The first Cometes Collective collection for Chanel launched in January 2024, marking a transition from independent makeup artistry to a deeply collaborative role within a single, wide-reaching brand. “The main difference was transitioning from being a regular artist who works on different shoots for different clients and then working mostly with one single, massive brand that has a huge and very varied audience,” says Paris-based French makeup artist Paravina, whose off-kilter style has attracted cult-favourite labels like Maison Margiela and Byredo. Reflecting on her earlier days in the industry, Paravina explains how it was “just about making one image look good”. “Now we’re providing the tools for people to glam up, to experiment and to feel good,” she says. “That’s a very new way to approach beauty, colour and texture.”
To Drammeh, Chanel’s classic veneer belies a rebellious streak. “Chanel has been daring for a long time, just think about Rouge Noir [the nail polish],” notes the Gambian-Spanish artist, who joined the Cometes Collective following 15 years of editorial experience, working with the likes of Adwoa Aboah, Debra Shaw and Harry. “Today it is such a classic colour, but when it was first released [in 1994] it really was very different and people were unsure of such a dark colour.” “Coco Chanel didn’t follow trends, she was contemporary and of the moment,” adds Paravina. “She was so sure of herself, confident,” notes Li.
Working with the House now we need to design the colours two years ahead, so there’s no point trying to predict the trends – we need to set them instead.
Valentina Li
Faithful to Mademoiselle Chanel’s forward-thinking ethos, the Cometes Collective chart their own course without waiting for the next ‘it’ trend to appear. “Working with the House now we need to design the colours two years ahead, so there’s no point trying to predict the trends – we need to set them instead,” says Li.
Building on the themes in their new documentary, which delves into Chanel’s spectrum of colour, the trio concur that 2025 will be a year bursting with chromatic experimentation.
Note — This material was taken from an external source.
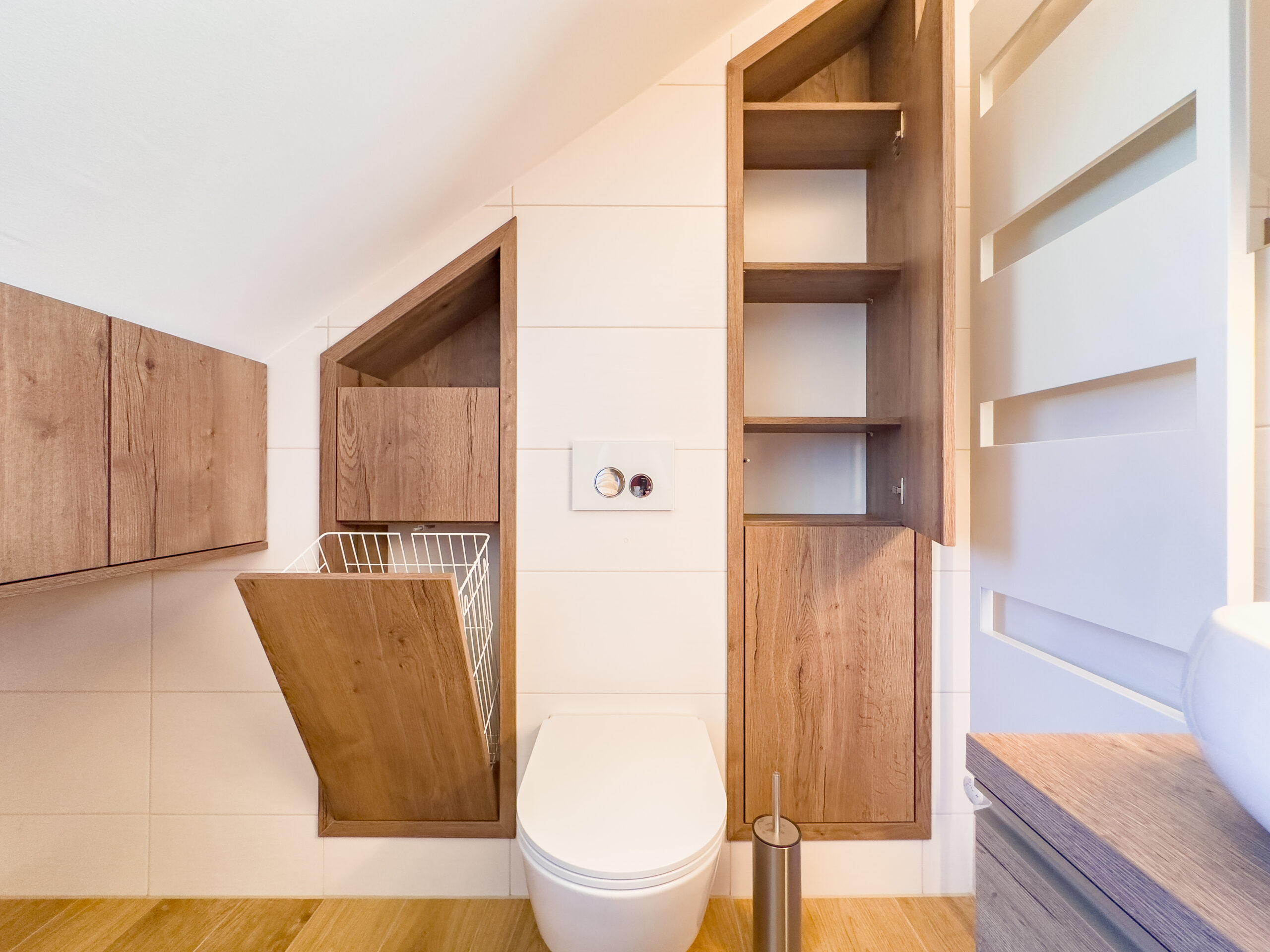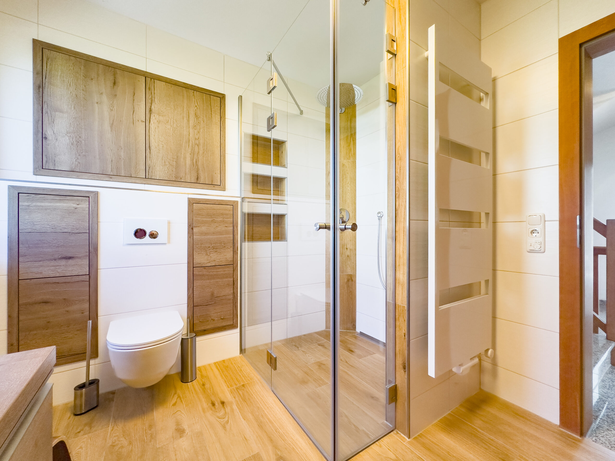 – Holzoptikfliesen in den Bädern

Whether subtle or striking, they believe the future of Chanel beauty belongs to those who dare to dip into the palette. “Colour, in general, just makes me happy,” says Li. “To me, using colour is like a language,” adds Paravina. “Using colour in your makeup is a surefire way to get your message across and tell people what you're all about.”
Photo: Courtesy of Chanel
Though tight-lipped on specifics, the Cometes Collective can’t hide their anticipation for the curated collections debuting throughout the coming year. Paravani is focused on brightening, Drammeh is poised to interpret spring, and Li is giving new life to Chanel’s cult-favourite Les Beiges for summer. “It’ll be very outdoorsy,” she says. Next year will also mark the first time all three co-create new launches together: “We're really collaborating, really brainstorming together, creating shades together,” says Paravina.
As colour takes centre stage, they each share tips for anyone nervous about stepping out of their comfort zone. “I like transparency,” says Paravina. “Using shades that are buildable. Another favourite, if you’re willing to spend some more time on your makeup, is to use really fine brushes to create a very refined eyeliner.” Li suggests highlighting with “just a hint of something” shimmering on lids, cupid’s bow or cheeks. “Or why not try a colour mascara,” she says. “It’s a very small, easy way to start.”